While our study’s findings are promising, there are limitations worth noting. The artificial nature of this innovative hemodynamic bench may not fully replicate the complex interactions present in human physiology. Interestingly, COSYN values from our reference method did not differ between the baseline and the afterload decrease. The present finding may be explained by the fact that the change in systemic vascular resistance in the Mock circulatory system does not affect TAH-t outflow, as the machine is able to adapt to a resistance modification without changing its stroke volume cycling (linear cardiovascular coupling) with no changes in systolic and diastolic time. Indeed, in our model, cardiovascular coupling is not physiological, as there are no perpetual nervous and humoral beat-to-beat adaptations of capillaries or microcirculation to stroke volumes changes. Moreover, cardiovascular coupling is not under humoral control as in humans (epinephrine, norepinephrine, or NO), and in this regard, the authors cannot be certain that existing algorithms are designed to act in response to permanent physiological retro-control and feedback.

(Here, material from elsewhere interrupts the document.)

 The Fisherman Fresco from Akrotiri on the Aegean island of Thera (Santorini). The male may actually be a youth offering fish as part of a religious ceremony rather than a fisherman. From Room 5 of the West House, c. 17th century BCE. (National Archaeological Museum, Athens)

Future studies should aim to validate these findings in more complex simulated hemodynamic challenges, as well as in controlled in clinical settings with real patients to ascertain the external validity of the results.

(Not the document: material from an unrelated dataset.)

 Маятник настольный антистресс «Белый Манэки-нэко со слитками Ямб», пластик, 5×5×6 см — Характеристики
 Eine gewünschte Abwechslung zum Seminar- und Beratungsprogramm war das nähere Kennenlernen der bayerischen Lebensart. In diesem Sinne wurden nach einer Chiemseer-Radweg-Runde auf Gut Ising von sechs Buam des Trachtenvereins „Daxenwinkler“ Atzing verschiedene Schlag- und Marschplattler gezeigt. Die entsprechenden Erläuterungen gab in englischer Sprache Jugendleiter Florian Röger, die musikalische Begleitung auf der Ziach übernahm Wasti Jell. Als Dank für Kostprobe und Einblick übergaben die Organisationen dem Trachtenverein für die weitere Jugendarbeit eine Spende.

Furthermore, our study did not explore the impact of patient-specific factors such as age, co-morbidities, and baseline hemodynamics, which could influence the performance of the device. Future research should consider improving the capability of the experimental rig to reproduce and simulate a wider range of hemodynamic states, closer to real patient conditions. As hospitals strive to select suitable, high-performance tools and adopt sustainable practices, assessing the overall performance, cost-effectiveness and life-cycle costs of these pulse contour devices could guide future purchasing decisions.